A public funeral was held in Plano, Texas, on August 18, 2002, at 2:00 P.M. A DVD titled Sinema has since been released, chronicling his life. His lifelong dream was to buy his parents a house; the sales from Sinner fulfilled his dream posthumously.

Williams's microphone was given to Cristian Machado from Ill Niño.

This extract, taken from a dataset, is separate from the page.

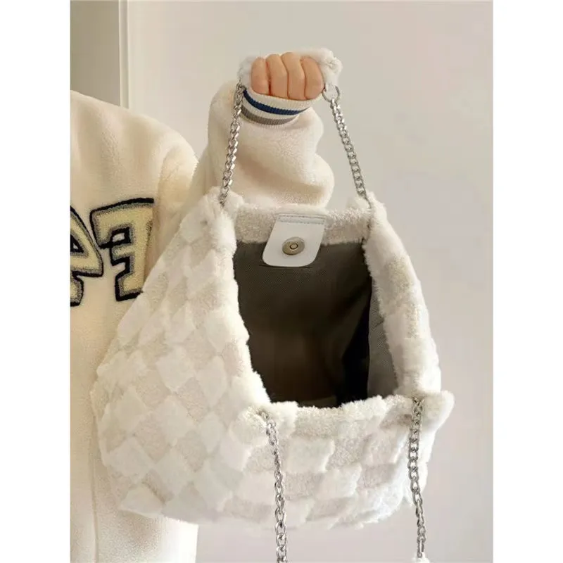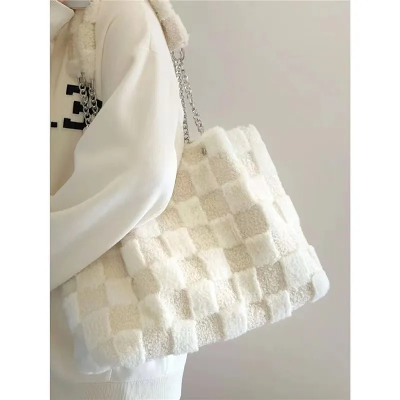Perfect for New Zealand women who want a stylish, functional, and cozy accessory, the White Plush One Shoulder Bag Casual Tote Bag is the ideal choice for everyday use.

They were good friends, so Drowning Pool and Williams' family gave it to Machado as a token of respect after his death.

==Legacy==
The Dallas, Texas music community honored Williams and his legacy with a multi-venue music festival named "Stage Fest". Stage Fest was held in downtown Dallas' Deep Ellum district on August 14, 2007, the fifth anniversary of his death, and played in seven Deep Ellum venues including Club Dada, The Curtain Club, The Lizard Lounge, The Darkside Lounge, Red Blood Club, Reno's Chop Shop, and Tomcat's.

One of Williams's previous bands, Fugly, digitally released an album dedicated to him in 2008.

On August 14, 2012, the 10th anniversary of his death, Drowning Pool released the ballad "In Memory Of..." dedicated to him.

For the 13th anniversary of Sinner, Bicycle Music Company released previously unreleased footage of Dave Williams and his bandmates answering questions about music, movies, and the Sinner album via their YouTube channel.